- Task description
Leave every picture out and return the rest of the listing verbatim.

- Recorded information
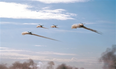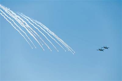 空中戰(zhàn)機(jī)呼嘯,地面鐵甲奔流。伴著濃濃硝煙,多型戰(zhàn)機(jī)、火炮、坦克等裝備向“敵”陣地發(fā)起迅猛沖擊……
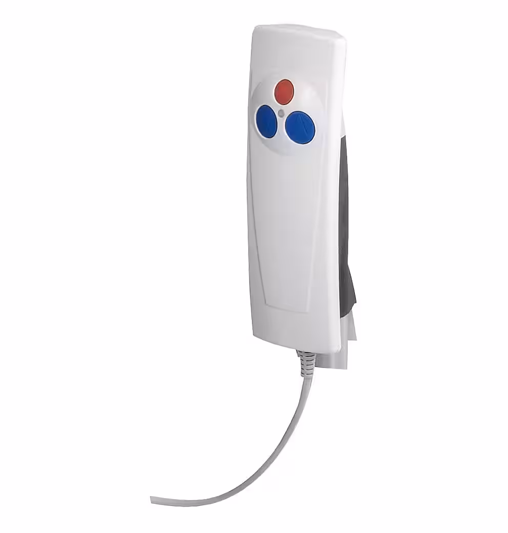 KANJO bathtub lift from Dietz GmbH, including blue upholstery. Warranty: 5 years on the bathtub lift and 3 years on the hand control unit with battery. HMV 04.40.01.0060. This bathtub lift provides safety and freedom during daily personal hygiene. Ergonomically shaped seat and backrest surfaces and adjustable reclining positions at the touch of a button ensure relaxed bathing comfort. For all standard bathtub sizes. Hand control with coiled cable, battery charger, and fast-charging technology. Skin-friendly and non-slip surface. Backrest swivels up to 40°. Stepless lifting and lowering at the touch of a button. Extremely stable base plate. Disassembles into 2 main components. Includes 3 lithium-ion batteries. Technical data: Overall height 110.5 cm. Overall depth, backrest upright 69 cm, backrest lowered 90 cm. Seat width with side flaps 71 cm, without side flaps 37.5 cm. Seat depth 50 cm. Seat height 6.5 to 45.5 cm. Backrest 35 x 68 cm. Max. load capacity 140 kg. Weight with hand control 10.8 kg.
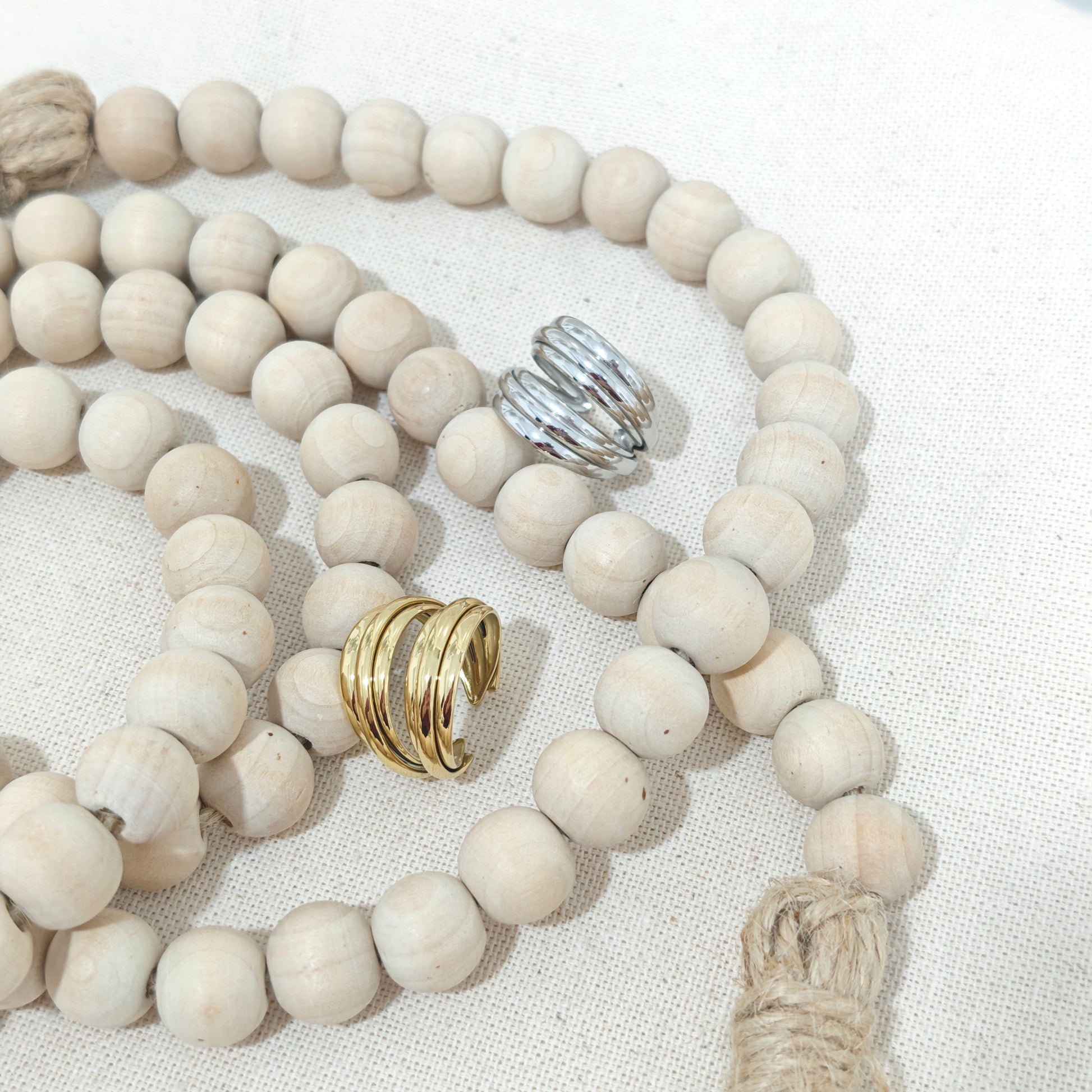 Estos pendientes combinan elegancia y carácter en una sola pieza. Su diseño de aros entrelazados crea un efecto voluminoso y sofisticado, perfecto para elevar cualquier look, desde el más casual hasta el más elegante.

- Answer box
 空中戰(zhàn)機(jī)呼嘯,地面鐵甲奔流。伴著濃濃硝煙,多型戰(zhàn)機(jī)、火炮、坦克等裝備向“敵”陣地發(fā)起迅猛沖擊……
 KANJO bathtub lift from Dietz GmbH, including blue upholstery. Warranty: 5 years on the bathtub lift and 3 years on the hand control unit with battery. HMV 04.40.01.0060. This bathtub lift provides safety and freedom during daily personal hygiene. Ergonomically shaped seat and backrest surfaces and adjustable reclining positions at the touch of a button ensure relaxed bathing comfort. For all standard bathtub sizes. Hand control with coiled cable, battery charger, and fast-charging technology. Skin-friendly and non-slip surface. Backrest swivels up to 40°. Stepless lifting and lowering at the touch of a button. Extremely stable base plate. Disassembles into 2 main components. Includes 3 lithium-ion batteries. Technical data: Overall height 110.5 cm. Overall depth, backrest upright 69 cm, backrest lowered 90 cm. Seat width with side flaps 71 cm, without side flaps 37.5 cm. Seat depth 50 cm. Seat height 6.5 to 45.5 cm. Backrest 35 x 68 cm. Max. load capacity 140 kg. Weight with hand control 10.8 kg.
 Estos pendientes combinan elegancia y carácter en una sola pieza. Su diseño de aros entrelazados crea un efecto voluminoso y sofisticado, perfecto para elevar cualquier look, desde el más casual hasta el más elegante.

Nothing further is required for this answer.